Global analysis of aberrant pre-mRNA splicing in glioblastoma using exon expression arrays
- Equal contributors
1 Department of Endocrine Neoplasia and Hormonal Disorders, University of Texas M. D. Anderson Cancer Center, Houston, TX, 77030, USA
2 Graduate Program in Genes and Development, University of Texas at Houston Graduate School of Biomedical Sciences, Houston, TX, 77030, USA
3 Department of Bioinformatics and Computational Biology, University of Texas M. D. Anderson Cancer Center, Houston, TX, 77030, USA
4 Graduate Program in Human and Molecular Genetics, University of Texas at Houston Graduate School of Biomedical Sciences, Houston, TX, 77030, USA
5 Department of Cancer Genetics, University of Texas M. D. Anderson Cancer Center, Houston, TX, 77030, USA
6 Department of Pathology, University of Texas M. D. Anderson Cancer Center, Houston, TX, 77030, USA
BMC Genomics 2008, 9:216 doi:10.1186/1471-2164-9-216Published: 12 May 2008
Tumor-predominant splice isoforms were identified during comparative in silico sequence analysis of EST clones, suggesting that global aberrant alternative pre-mRNA splicing may be an epigenetic phenomenon in cancer. We used an exon expression array to perform an objective, genome-wide survey of glioma-specific splicing in 24 GBM and 12 nontumor brain samples. Validation studies were performed using RT-PCR on glioma cell lines, patient tumor and nontumor brain samples.

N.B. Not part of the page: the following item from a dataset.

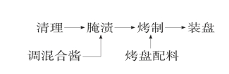 (3)烤制:①取小烤盘1只,先撒入花椒、香叶、丁香再将京葱入烤盘,最后铺入球葱、西芹。②将腌渍的鳗鱼皮朝上排在笼上,将麦其林切成薄片铺在鱼上,用220℃温度烤15分钟出炉,将鱼肉翻身再烤15分钟,出炉刷一层芝麻油。
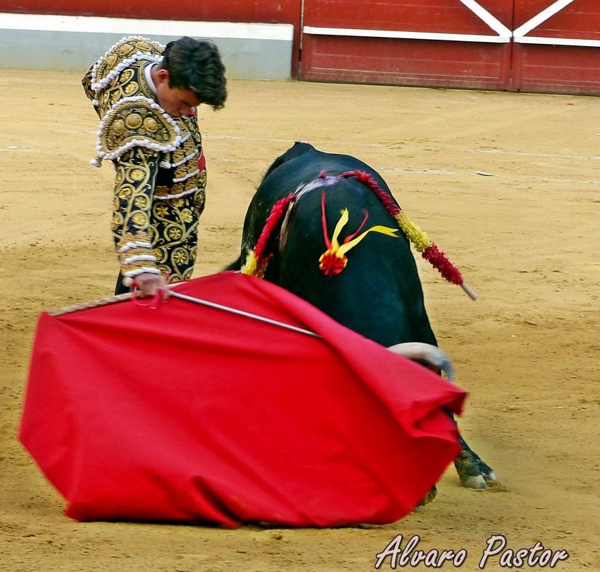 Una faena de más a menos donde cabe destacar un par de tandas por la mano derecha y la voluntad y ganas de triunfo del novillero. Estocada caída oreja denegada

In total, we confirmed 14 genes with glioma-specific splicing; seven were novel events identified by the exon expression array (A2BP1, BCAS1, CACNA1G, CLTA, KCNC2, SNCB, and TPD52L2). Our data indicate that large changes (> 5-fold) in alternative splicing are infrequent in gliomagenesis (< 3% of interrogated RefSeq entries). The lack of splicing changes may derive from the small number of splicing factors observed to be aberrantly expressed.
While we observed some tumor-specific alternative splicing, the number of genes showing exclusive tumor-specific isoforms was on the order of tens, rather than the hundreds suggested previously by in silico mining. Given the important role of alternative splicing in neural differentiation, there may be selective pressure to maintain a majority of splicing events in order to retain glial-like characteristics of the tumor cells.